5.1.2.3 Enzymatic catalysis

Enzymes are classified into six different groups depending on the type of reaction they catalyze:

· — oxidoreductases catalyze oxidation-reduction reactions involving oxygenation, such as C—H → C—OH, or overall removal or addition of hydrogen atom equivalents, for example CH(OH) → C=O;

· — transferases mediate the transfer of various groups, such as aldehyde, ketone, acyl, sugar, phosphoryl and so on from one molecule to another;

· — hydrolases can act on a very broad array of hydrolysable groups. It includes esters, amides, peptides and other C—N-containing functions, anhydrides, glycosides, and several others;

· — lyases catalyze the addition of groups to double bonds such as C=C, C=O, and C=N, or the reverse;

· — isomerases transfer groups within molecules to yield isomeric form such as racemization;

· — ligases are often termed synthesases; they mediate the formation of C-O, C—S, and C—N bonds.

Fig. 5.4: Example of cofactor regeneration of NAD⁺/NADH.

Not all enzymes are capable of acting alone. Many require the presence of nonprotein cofactors to enable catalysis to be carried out. Such cofactors, which are in reality cosubstrates because they undergo chemical transformation during the reaction, include simple metal ions or organic molecules that may in some cases be covalently bound to the enzyme. They must be continuously reconverted back to their original form in order for catalysis to continue. This process, illustrated by Fig. 5.4, is usually referred to as regeneration. Regeneration can take place spontaneously in aerobic aqueous conditions by hydrolysis or oxidation reactions. However, in most cases, including ATP, coenzyme A, folic acid, NAD⁺, and NADP⁺, regeneration can only be achieved by directly coupling with the oxidation of high energy substrate molecules, either by cytochromes or by enzymes. In the whole cells regeneration is an aspect of the normal integrated metabolism of the cell, via substrate level and cytochrome linked exergonic reactions.

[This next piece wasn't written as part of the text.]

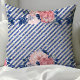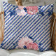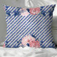 Blush Pink and Navy Glitter Stripes Floral Cushion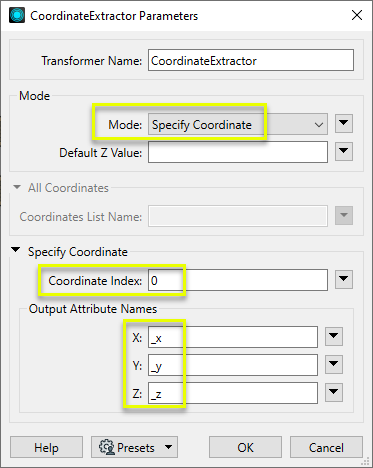 In the parameters dialog, Mode is set to Specify Coordinate. The Coordinate Index default is zero (0), the first one, which is correct. Default names are also provided for the X, Y, and Z output attributes.

However, when isolated enzymes or disrupted cells are used, regeneration may be a considerable problem.

In industry enzymes or cells are often used in an immobilized form to enable reuse or continuous use of the biocatalyst and easy product recovery. Continuous use is especially important for maintaining a constant environment for the immobilized biocatalyst and thereby improving enzyme stability. Numerous immobilization methods are used. They can be divided into the following three groups:

· — entrapment or encapsulation in a porous polymer network;

· — covalent, ionic, or physical attachment to an appropriate water-insoluble solid support;

· — aggregation of cells by physical or chemical cross-linking with glutaraldehyde or other agents.

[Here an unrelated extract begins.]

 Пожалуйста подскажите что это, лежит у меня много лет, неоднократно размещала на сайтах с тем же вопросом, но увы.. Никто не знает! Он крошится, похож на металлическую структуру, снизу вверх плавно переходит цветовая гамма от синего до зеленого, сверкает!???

Although immobilization tends to increase the stability of the enzyme or cell, usually some enzyme activity is lost due to denaturation during immobilization. With immobilized cells, flow rates through the reactor and/or the concentration of the enzyme can be increased. As a result a much smaller reactor can be used to achieve the same productivity, reducing the capital and operating costs of enzyme catalyzed processes. The choice between the use of immobilized enzymes or immobilized cells is similar to the choice between the use of purified or crude soluble enzymes as a biocatalyst. Clearly the immobilized cell or crude enzyme is cheaper, and larger quantities are available, but they are less specific catalysts than immobilized enzymes or the purified soluble enzymes.